That is, it's easy to make benchmarks which humans are bad at, humans are really bad at many things.
Divide 123094382345234523452345111 by 0.1234243131324, guess what, humans would find that hard, computers easy. But it doesn't mean much.
Humanity's last exam (HLE) couldn't be completed by most of humanity, the vast majority, so it doesn't really capture anything about humanity or mean much if a computer can do it.
the point is that each question is something that a specialist in a field would be able to do, but deems challenging enough that the ability to solve it would imply significant general usefulness in that domain
Given that for a number of these benchmarks, it seems to be barely competitive with the previous gen Opus 4.6 or GPT-5.4, I don't know what to make of the significant jumps on other benchmarks within these same categories. Training to the test? Better training?
And the decision to withhold general release (of a 'preview' no less!) seems to be well, odd. And the decision to release a 'preview' version to specific companies?

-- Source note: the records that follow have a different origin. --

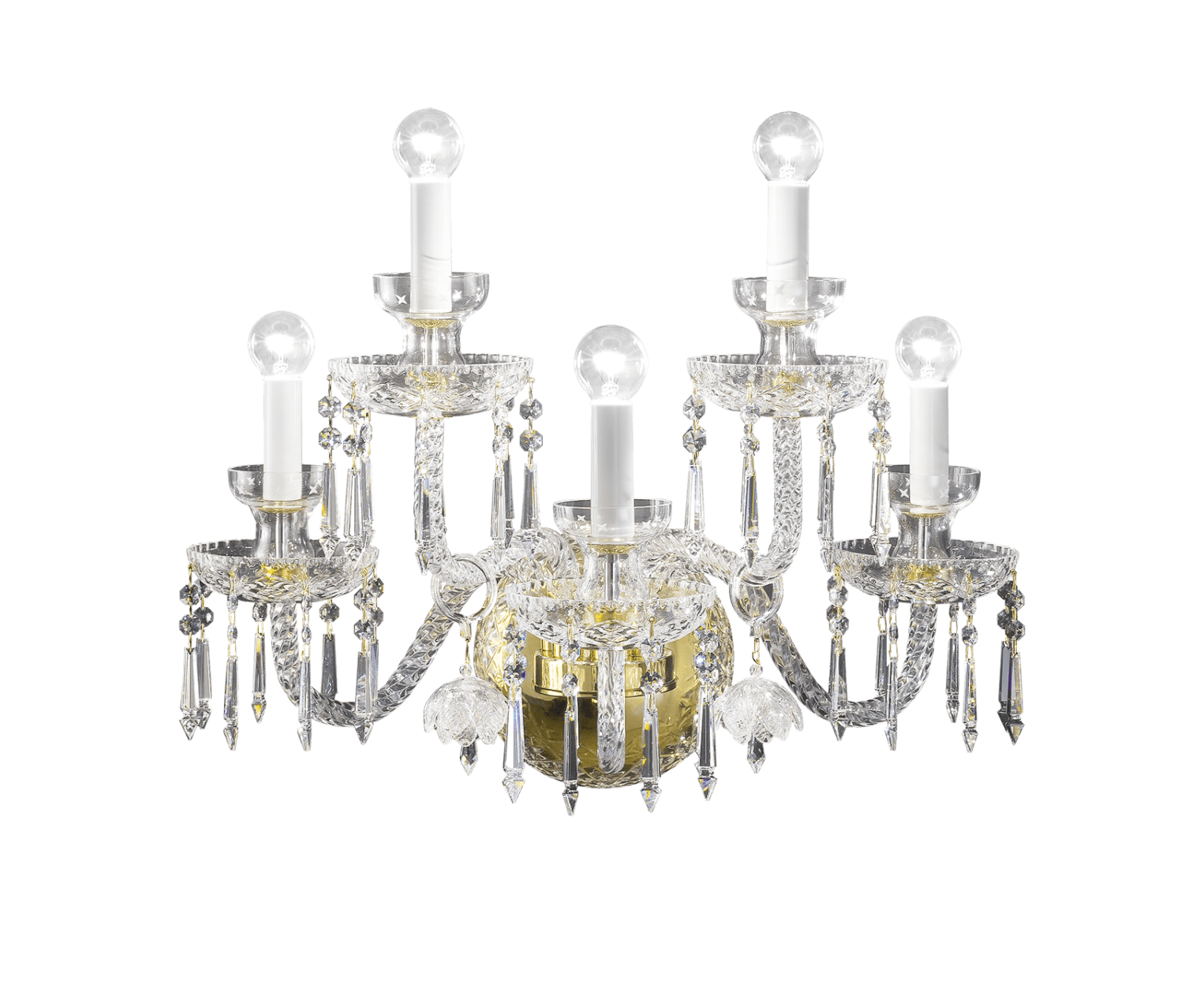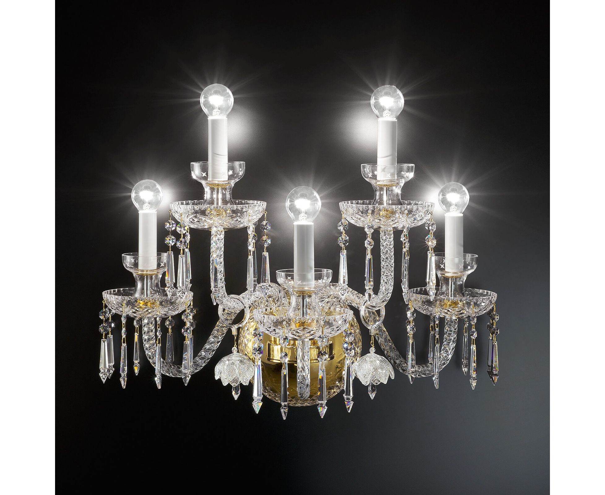 Бра из резного хрусталя и стекла, металл с золотой отделкой, подвески Swarovski Elements и декоративные стеклянные цветы. Доступны в разных размерах и цветах. Коллекция Opera Classic.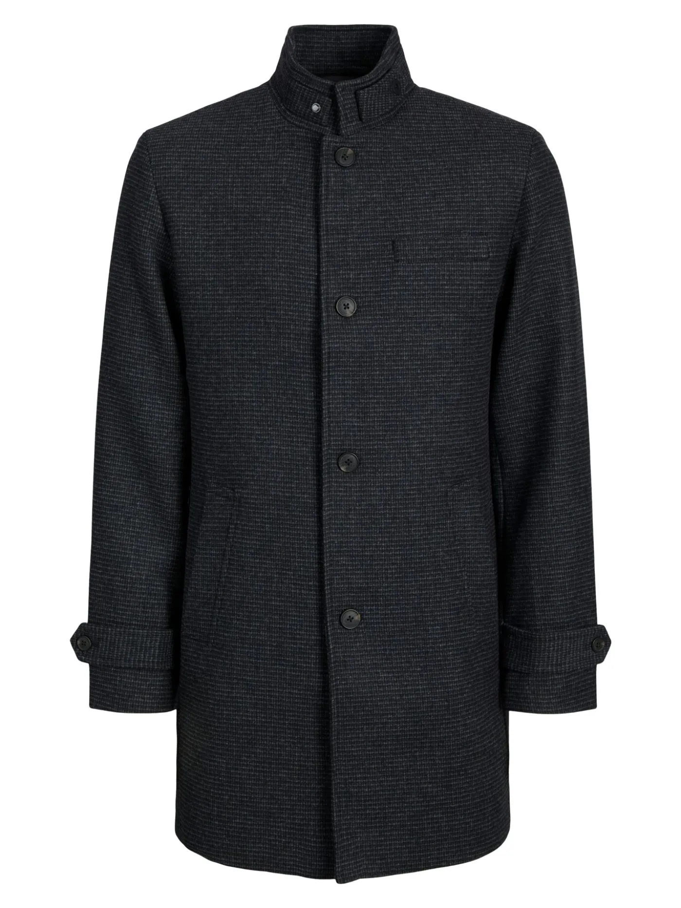 Nette grijze heren jas van Jack & Jones met twee zakken en een sier zak aan de voorkant. De jas is van een fijne stof gemaakt. Je sluit deze jas meet knoopsluiting.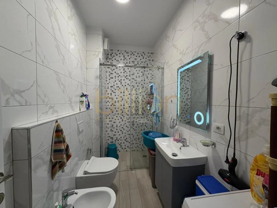 Shitet apartament 1+1 me sipërfaqe 60 m², i pozicionuar në katin e 5 të një pallati të ri, modern dhe tepër cilësor, i pajisur me ashensor dhe me fasadë të ventiluar, e cila garanton izolim të shkëlqyer termik dhe akustik.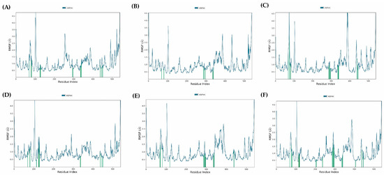 Root-mean-square fluctuations (RMSF) analysis for complexes of ligands (A) Sabinene, (B) β-Pinene, (C) Limonene, (D) δ-Elemene, (E) γ-Elemene and (F) Curzerene with AChE over simulation period of 100 ns. The green line indicates the localized changes in proteins while blue indicates actual fluctuations.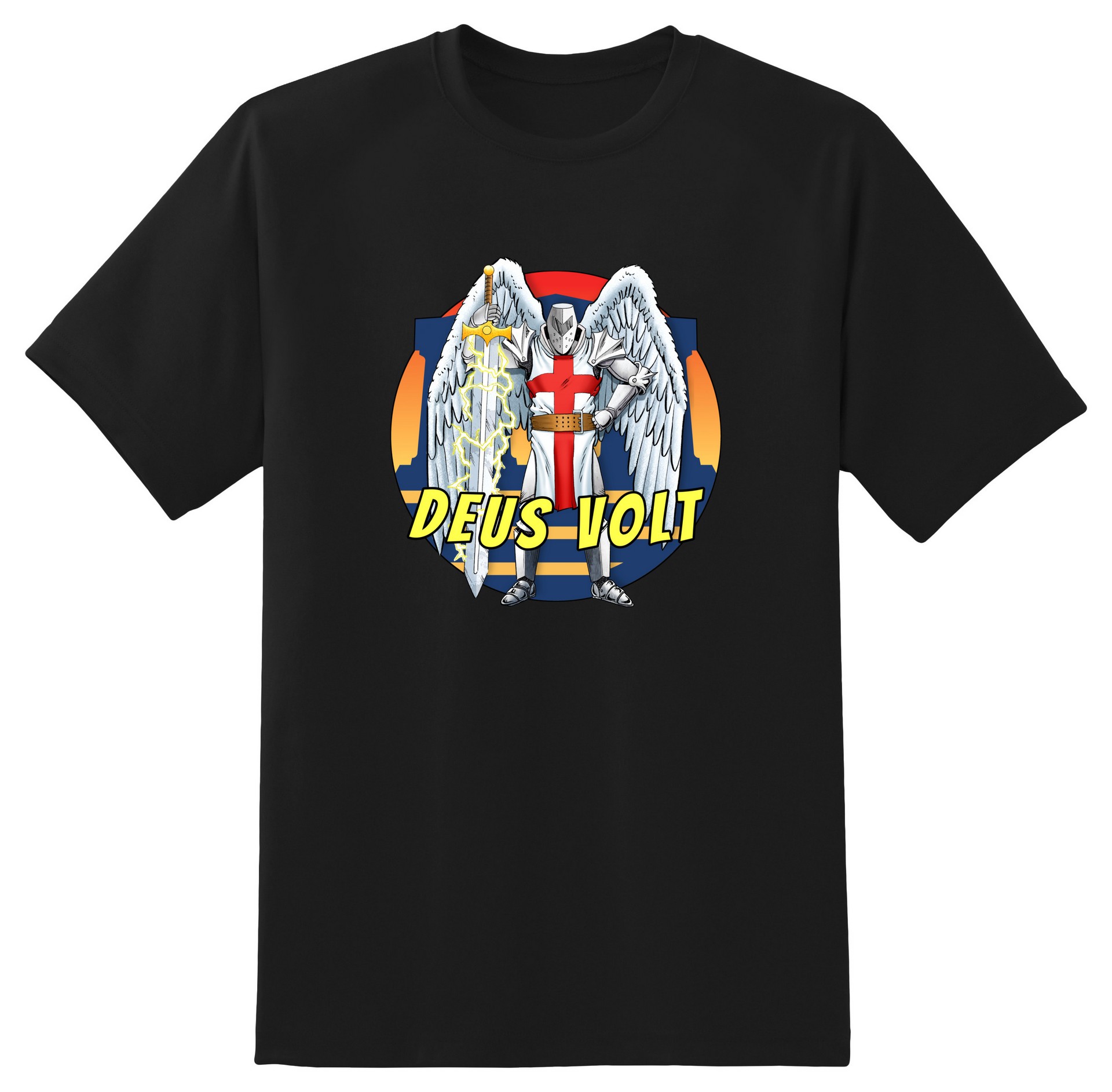 ...superhero team known as the Godgang, which includes Trad Cat, Ortho-Bro, and Flamer. Volt directs the Godgang in their service to the Lord, protecting and favoring those who follow His will. One rumor suggests that, though he does not appear publicly as a winged crusader of God, Deus Volt is in fact the United States Secretary of Defense, Paul Hyland. Much of this speculation stems from the curious Jerusalem cross tattoo emblazoned on Hyland’s chest. Deus Volt also takes his name especially from his “electrical nature.” Lightning emanates from his body at will, and he was once the preferred lightning hurler among "the Elohim," which includes the Lord and His angels. Deus Volt’s name, referring to his electrical nature, is obvious related to the Latin phrase Deus Vult (“God Wills it”). Naturally the angel does not object to this variant spelling.

You know any production teams at these massive companies that would work with a 'preview' anything? R&D teams, sure, but production? Part of me wants to LoL.
What are they trying to do? Induce FOMO and stop subscriber bleed-out stemming from the recent negative headlines around problems with using Claude?
> Given that for a number of these benchmarks, it seems to be barely competitive with the previous gen
We're not reading the same numbers I think. Compared to Opus 4.6, it's a big jump nearly in every single bench GP posted. They're "only" catching up to Google's Gemini on GPQA and MMMLU but they're still beating their own Opus 4.6 results on these two.
This sounds like a much better model than Opus 4.6.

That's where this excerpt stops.